Well, here we are in the throes of winter. I'm pretty sure this winter will go down holding the record of least amount of sunshine in the Chicago area. WTF, mother nature? I need me some Vitamin D! While we try to get outside as often as possible, even in the winter, some days it's just too darn cold and windy. It's important to go out in these conditions too, but lets be honest, being outside in the cold and wind and cloudy skies is freaking miserable! But rather than hibernate (although let's face it, in January, that's all I really want to do) I've been trying to come up with ways to keep us engaged in outdoorsy type things, while remaining comfortable and warm and un-wind chapped. I've shared some of what I've found below.
1) Nature Cams
Explore.org has over 100 nature cams for your viewing pleasure. We're talking polar bears, wild cat rescues, honey bee hives, hummingbird nests, jellyfish, kelp forests, eagles, owls, and more! Keep in mind that these are wildlife cameras and on occasion may get damaged from storms, rock falls, or just succumb to the natural elements, so sometimes there will be a highlight reel instead of live footage. Also, make sure your volume is low when you first start watching. The mics pick up a lot of background noise and it can sometimes aggravate your ears. These are great tools to help kids learn about all kinds of animals and how they survive in various environments and are a great supplement for traditional or home-school lessons! In recognition of National Bird Month, Rosie the Hummingbird is featured below.
2) Become a WebRanger
The National Park Service offers a WebRanger program for kids of all ages. Simply sign-up, print your badge, and go! Kids will learn about the NPS mission, build their own ranger station, play games and solve mysteries based on park interpretive service. Webrangers also offers virtual hikes, in which you bank real steps you take on a daily basis to cash in for virtual steps you can take on an ihike, encouraging kids to get moving! Although the program is for all ages, elementary school children and above will probably benefit the most from the program.
3) Check Out your Local Nature Center
Your local nature center is a great way to encourage learning through active free play. These places are filled with learning opportunities disguised as games and activities. Many offer activity bags to check out filled with scavenger hunts, binoculars, plant and animal guides, etc. and offer free or inexpensive programming throughout the year. We spend countless hours at our local nature centers during all seasons and consider them tax dollars well spent. Check out ADVENTURES for what to expect at some of Chicago's suburban nature centers.
4) Sign-up for a Nature Pal Exchange
The most important way for children to learn is through new experiences. The folks at the Nature Pal Exchange have made it pretty simple to experience new environments without having to travel to far from home. I haven't done this yet, because I didn't find out about it until after the winter exchange, but the folks on Instagram who have participated love it! Exchanges happen four times a year - during each of the seasons.
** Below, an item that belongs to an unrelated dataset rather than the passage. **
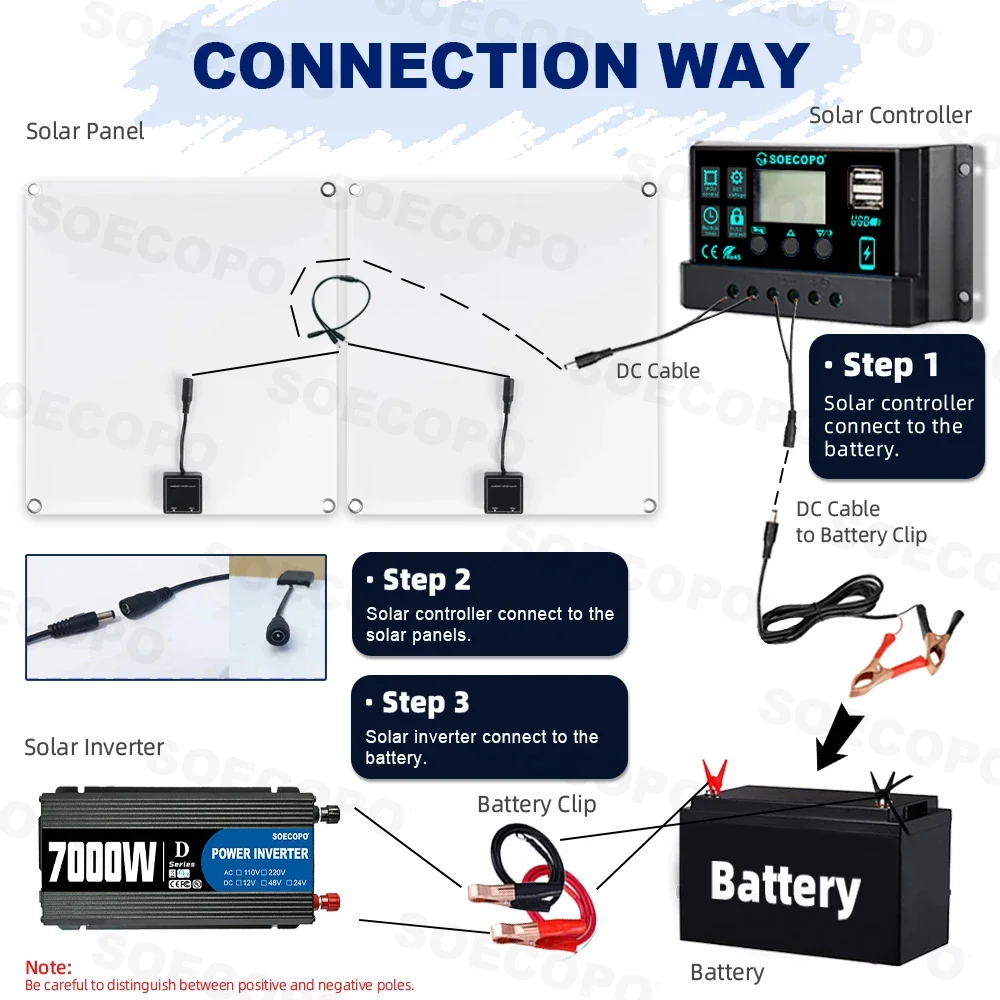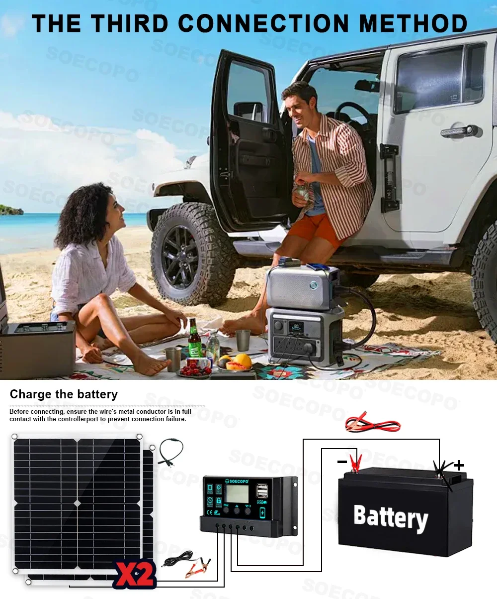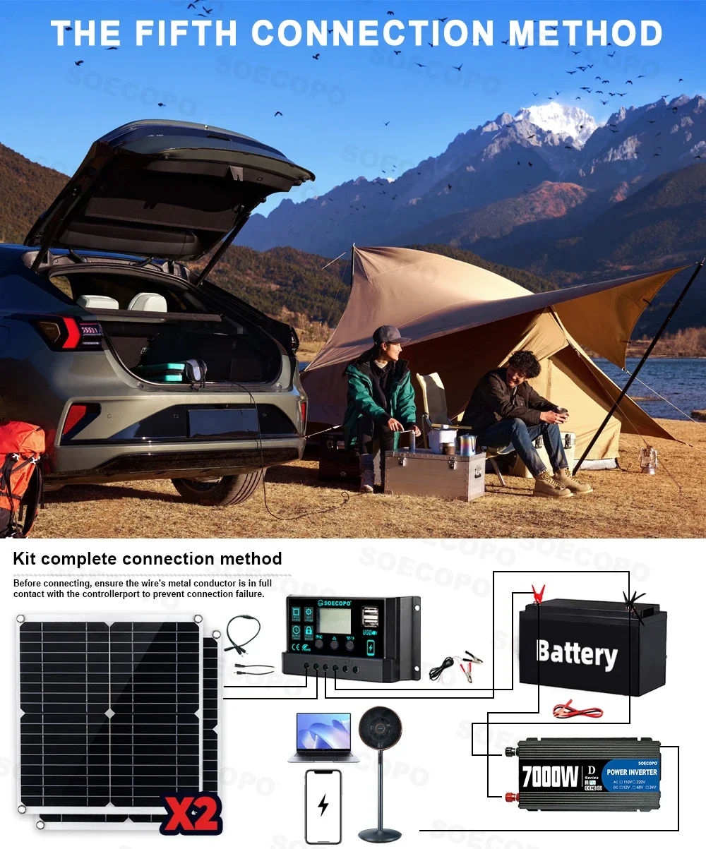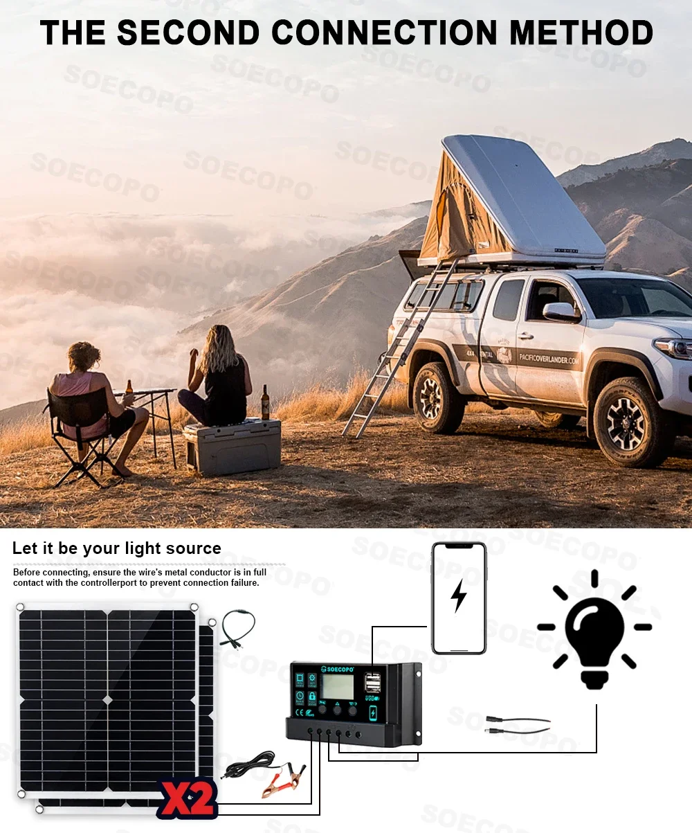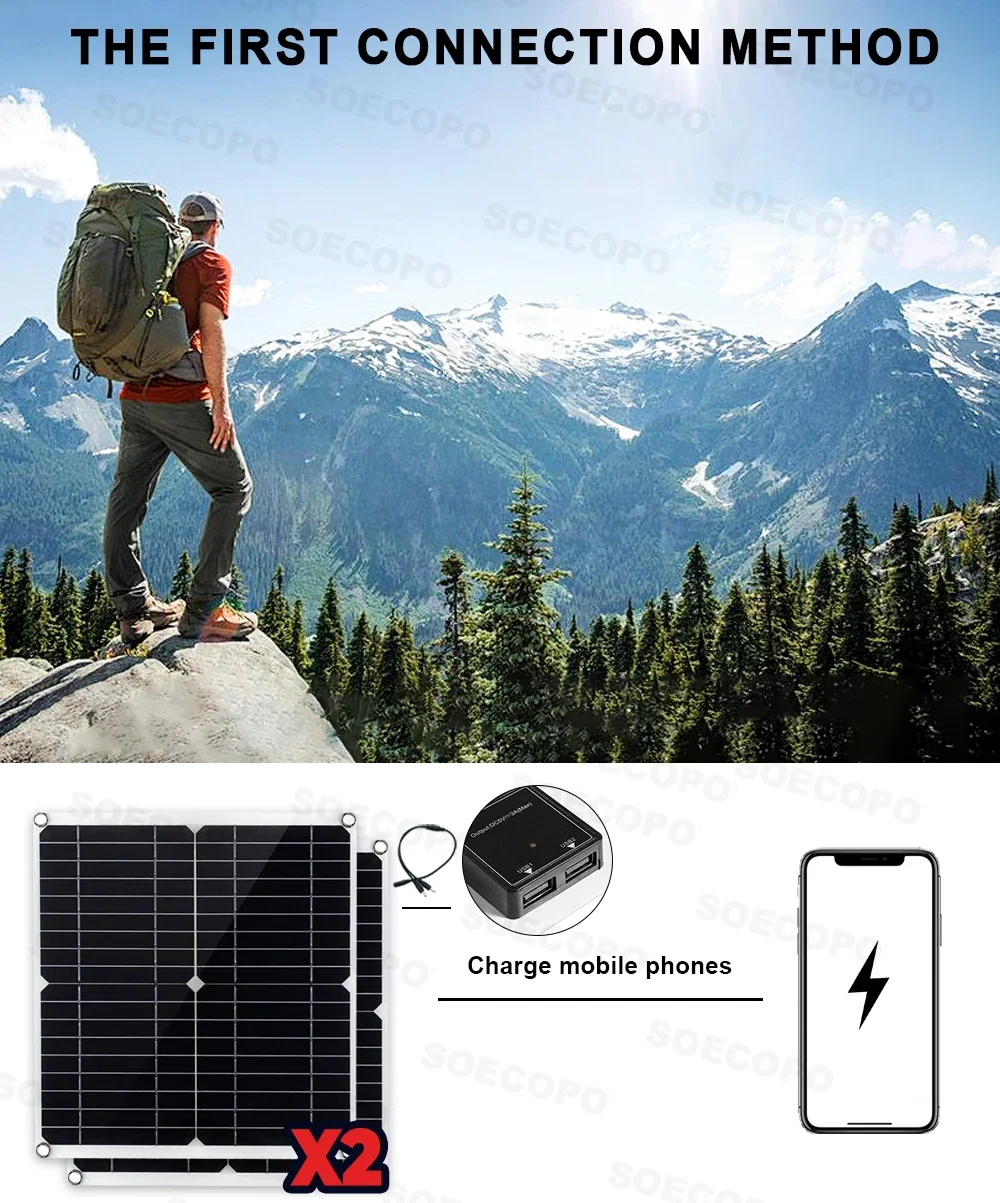 Whether it's single person hiking that pursues lightweight travel or home camping that requires a rich electricity experience, the SOECOPO solar power generation kit can be precisely adapted. From core components to connectivity gameplay, we provide comprehensive coverage of outdoor electricity needs, ensuring that every outdoor exploration is fully charged and exciting, doubling the power supply (Note: The set does not include a battery, you need to match it with your own battery.)❗

After sign-up you'll be paired with a family in a different locale and you both will be asked to collect natural items from your area to mail to each other. It's an easy, inexpensive way to explore a new place. Plus. who doesn't love getting stuff in the mail?
5) Start an Indoor Garden
There are plenty of kits out there to help you get started. Grow herbs, start a vertical garden , or grow a tree! I've had my eye on these Dawn Redwood Bonsai trees for a little while, but I'm afraid my cat is going to eat them. Another option is to head to your local garden shop and grab some terra cotta pots and seeds. Kids have fun decorating the pots, planting the seeds, and watching them grow. Depending on their age and interest level, you might suggest keeping a journal to record plant growth - all great lessons in observatory science!
I'd love to hear how you guys are bringing the outdoors in this winter! I'm always up for new suggestions!